There it is. The song of man: violence, rampage, destruction, chaos and despair venerated as “good”. And it doesn’t end with Shield. The lineage of this wrecker of mead-benches has a famous son, Beow, whose name is known through the north, admired for his path to power. Beow’s son, Halfdane the Warlord, was four times his father, “this fighter prince”. And, three generations from Shield, Halfdane’s son, Hrothgar, has been so favored by the fortunes of war that he is able to build the greatest mead-hall the world has ever seen, the wonder of the world forever, gilded in gold, where rings and jewels are doled out to all, built upon the generational slaughter of men, women and children.
This, then, is the song of man, sung by bards and troubadours minstrels and maidens, ad agencies and marketing executives around camp fires and mead halls and board rooms ever since: the song of oppression, injustice, conquest, addiction, the bottom line, cost-benefit analysis, the song of consumption and (to quote Gordon Gecko, from the movie, Wall Street) of greed, passed down from father to son, generation after generation, glorified, deified, even, as “good.”
Contrast this with another song, sung around desert campfires and stucco temples, also passed down from generation to generation, the song of Beginnings:
in the image of God he created them;
male and female he created them.God blessed them and said to them, “Be fruitful and increase in number;fill the earth and subdue it. Rule over the fish in the sea and the birds in the sky and over every living creature that moves on the ground.” And it was so.

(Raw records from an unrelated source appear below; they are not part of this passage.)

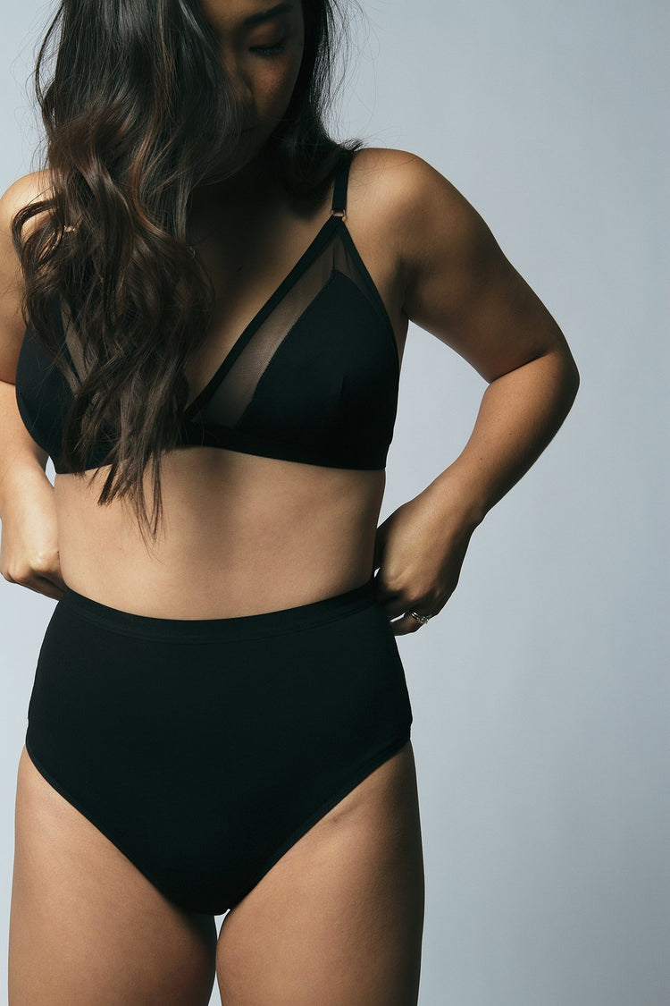 The ideal everyday bralette with soft rayon from bamboo jersey fabric that forms to your natural shape with mesh boarders for extra detail. This bra style offers wider cups for side coverage and a more comfortable overall fit. The mesh boarder adds a little touch of sexiness to a classic design. The fit is snug without causing any discomfort; no padding or underwire.
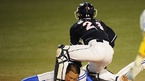 [OSEN=대구,김영민 기자]7일 대구 경기장에서 열린 '2010 CJ 마구마구 프로야구 플레이오프 1차전' 삼성 라이온즈와 두산 베어스 경기 3회말 2사 1,2루 최형우 적시타때 2루 주자 채태인 홈까지 쇄도하였으나 두산 용덕한 포수가 태그아웃 처리
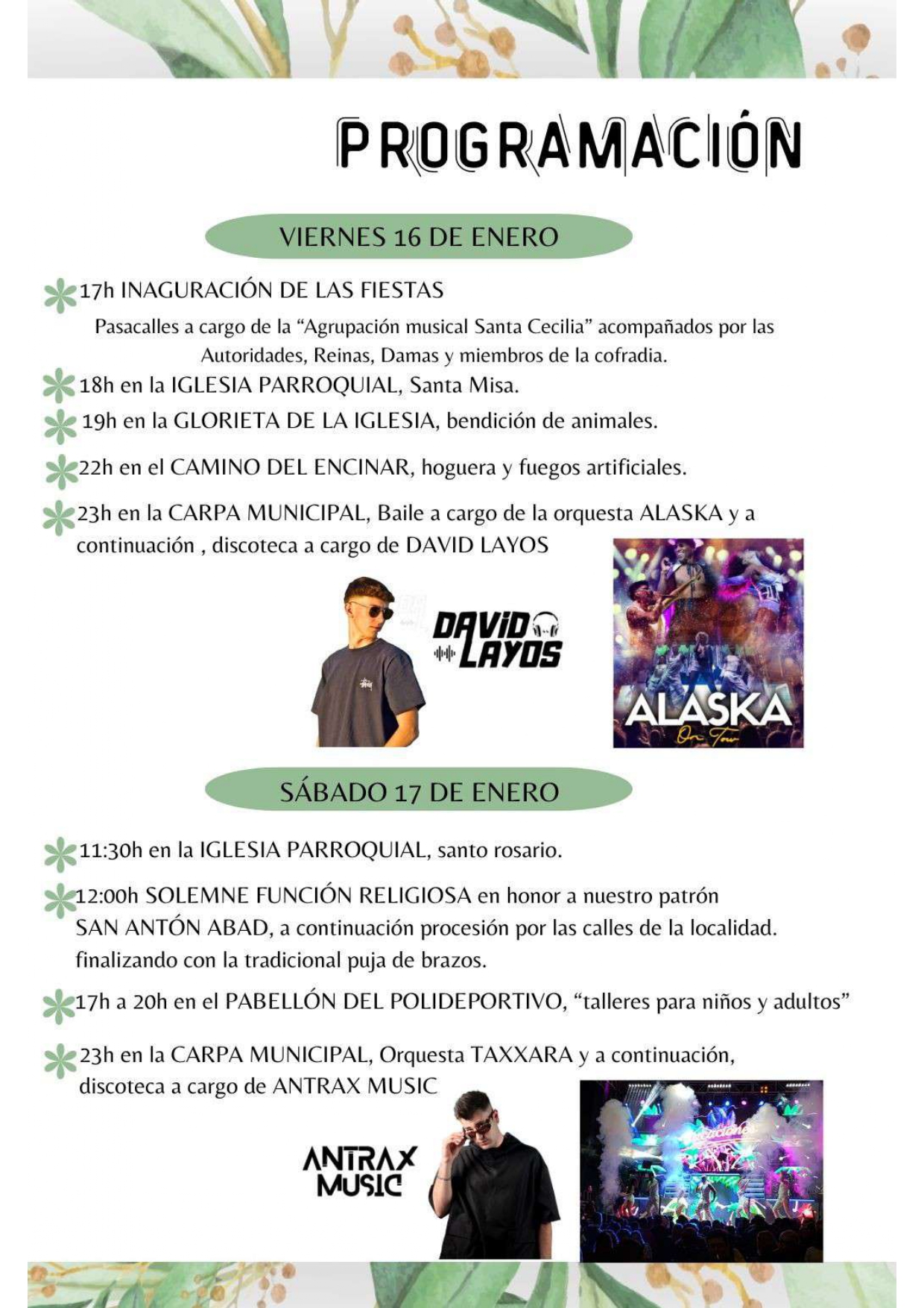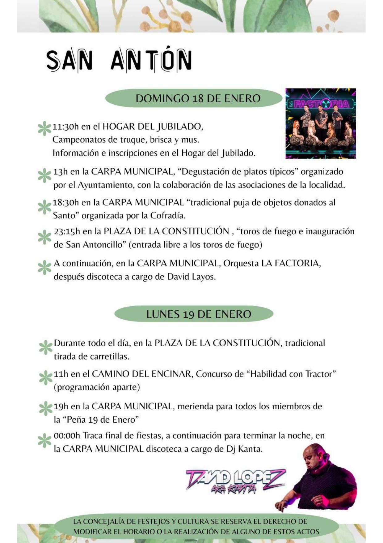 Los actos de San Antón incluyen actividades populares, música, juegos y propuestas para los más jóvenes, garantizando un ambiente de convivencia y celebración para todos los asistentes. Estos son:
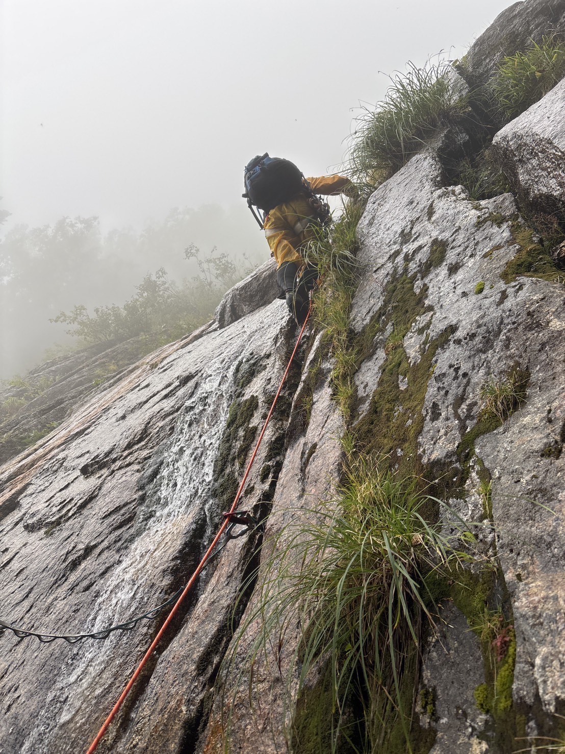 滝の裏を潜って右側に出て横のもろいルンゼを鈴木がリード。続くバンドからスラブを重富さんがリードで完登。
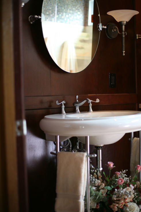 The pedestal sink with two legs, instead of a central center stand, gives leg room for someone in a wheelchair. And, as both owners of the home are fully able bodied now, behind the walls is blocking for future grab bars, if needed.
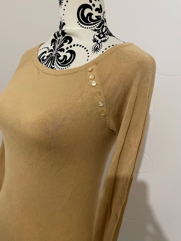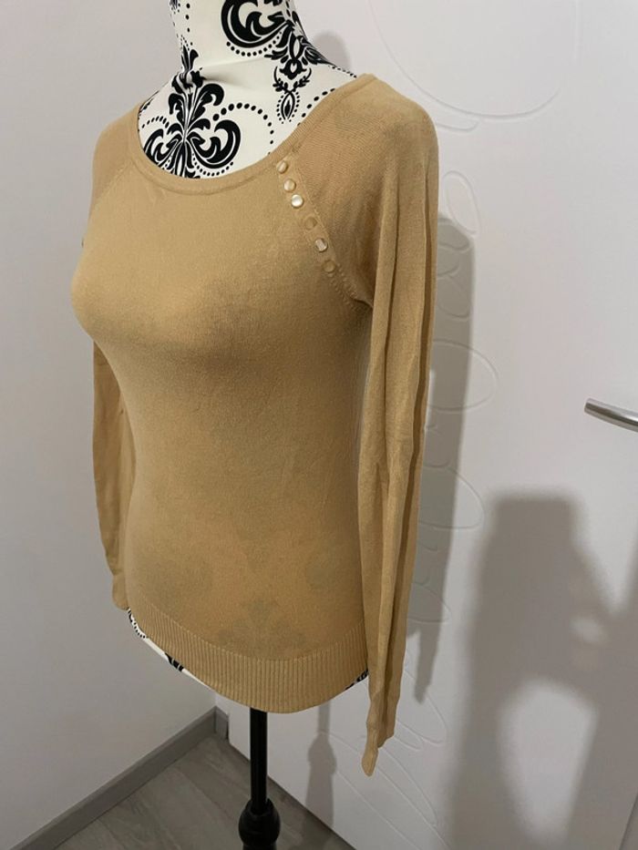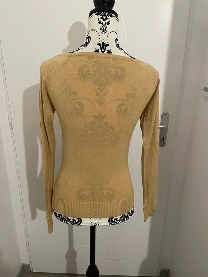 Pull manche longue mi saison extensible moutarde jaune bouton au col Reserved taille S - photo numéro 3

So here, then, is the other song, the song of creation, that moves in this triumvirate rhythm: separation, filling, blessing; separation, filling, blessing; separation, filling, blessing. Not chaos, not violence, not bloodshed, not destruction, but separation, filling, blessing. And the kicker?
God saw all that he had made, and it was very good.
Here, too, in this song, there is that which is declared good. Note that both songs are possible. Both reflect a culture’s expectation, appreciation and glorification for that which is good. Violence, slaughter and oppression in the one; separation, filling and blessing in the other. Wrecked lives, ruined families, slavish lifestyles in the one; hope, promise and flourishing in the other. Self glorification and gratification in the one; transcendence and sacrifice in the other. Pleasure, profit and power in the one; potential, possibility and promise in the other.
Curse, blessing; darkness, light; death, life. These are the doxologies available to man. One a funeral oration, the other a birthday song. One a dirge, the other a concerto. One nails screeching on a chalkboard; the other, Handel’s Messiah.
Choose you this day, which song you will sing.